The President Bush’s proposed immigration bill recently failed to pass the Senate. Many Senators, including Bush’s fellow Republicans, opposed the bill because they felt that there were too many loopholes that might be exploited. I feel sorry for those illegal immigrants, including some of our church members, who pinned their hopes for legal status on the passage of this bill.

If the Senators’ primary reason for opposing this bill was too many possible loopholes, I think they made a mistake. Every bill has room for exploitation. No matter how airtight lawmakers try to make a bill, people will always find loopholes to abuse, because human nature is evil.

When you make laws, you have to make them with a realistic understanding of sinful human nature. Otherwise, disaster ensues. A good example is Communism. Communists dreamed of a utopian society where everybody is equal. To realize this dream, they overthrew governments and made new laws and regulations. The result was a disaster; it only created new dictatorships and new elites in a different form. Their theories failed in reality because they failed to account for the fact that human nature is sinful and that human beings are fundamentally selfish.

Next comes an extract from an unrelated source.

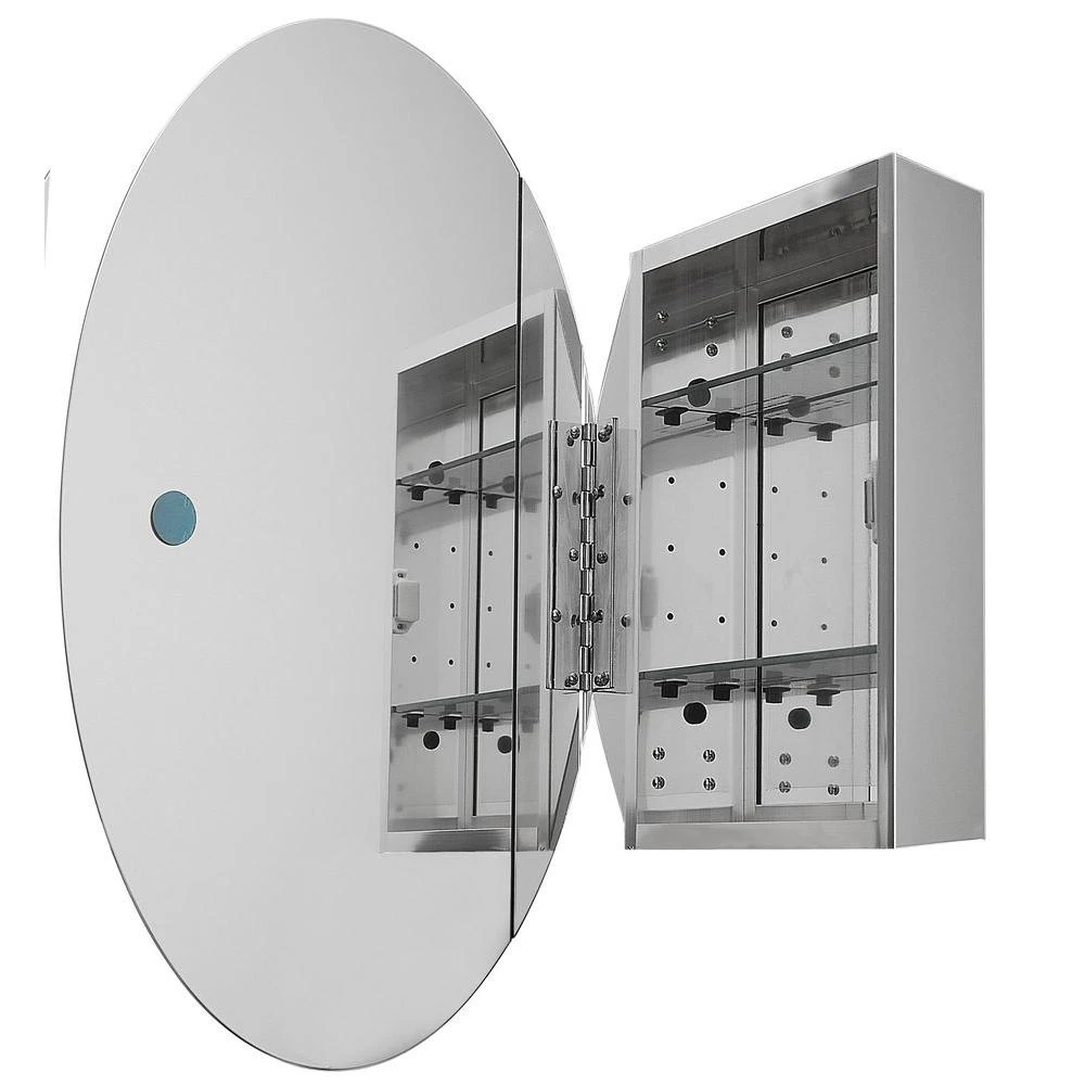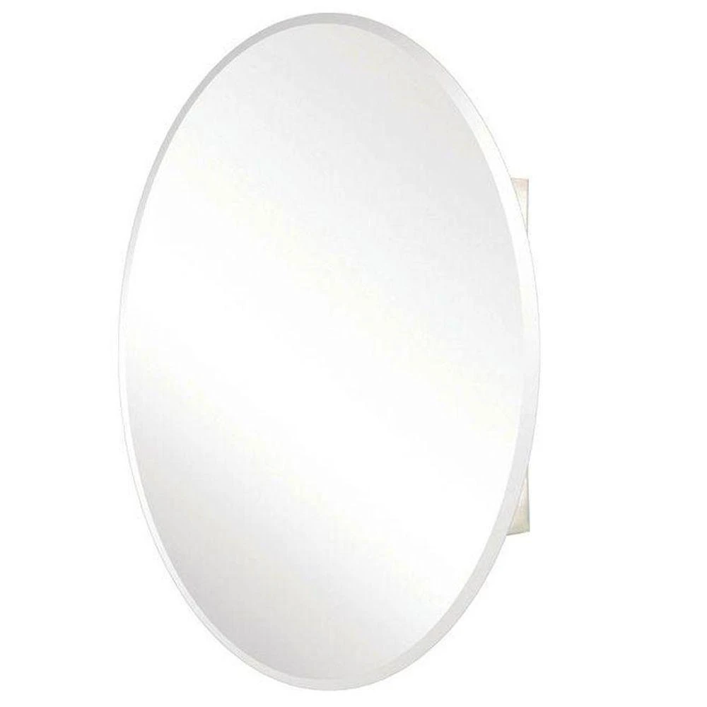 This mirrored cabinet features an oval beveled mirror door. Inside, the glass shelves hold all your toiletries and bath items. The aluminum construction with mirror back ensures years of use.
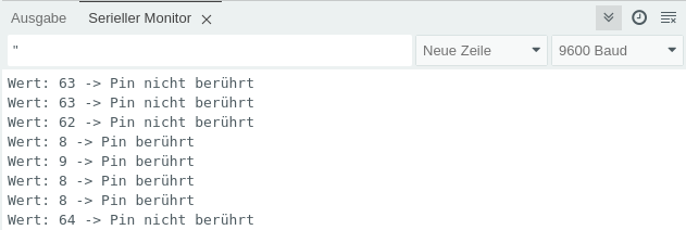 1 2 3 4 5 6 7 8 9 10 11 12 13 14 15 | void setup() { Serial.begin(9600); delay(1000); } void loop() { Serial.print(“Wert: ”); Serial.print(touchRead(32)); if (touchRead(32) < 20) Serial.println(“ -> Pin berührt”); else Serial.println(“ -> Pin nicht berührt”); delay(1000); } |

This is why Capitalistic Democracy is superior – it recognizes human sinfulness and selfishness. The Democratic system encourages selfishness to increase productivity but attempts to limit it so that people don’t overstep their boundaries and infringe on other’s rights.

The checks and balances in the U.S. system of Democracy is based on a recognition of man’s sinfulness. The people who wrote the Constitution recognized the hunger for power in human nature and came up with a system where no one could hold all political power.

We Christians must also acknowledge human sinfulness. Of course, we are new creatures in Christ. We live according to this new nature as long as we are led by the Spirit. When we are not led by the Spirit, however, the old nature controls us. When we work with other Christians, we must prepare for times when they – and we – are not controlled by the Spirit. So when two Christians agree to work as business partners I always encourage them to write a formal contract because I see too many cases where good Christians become entirely different people when money is involved.

This is why I do not trust self-righteous people. They are so sure about being right that they neglect depending on the Holy Spirit. As a result, they often destroy themselves and the people around them. For the same reason, I also avoid working with people who are known for being “good”. I trust people who are aware of their sinfulness, because their awareness makes them depend on the Holy Spirit to do good work, thus making them less likely to fall.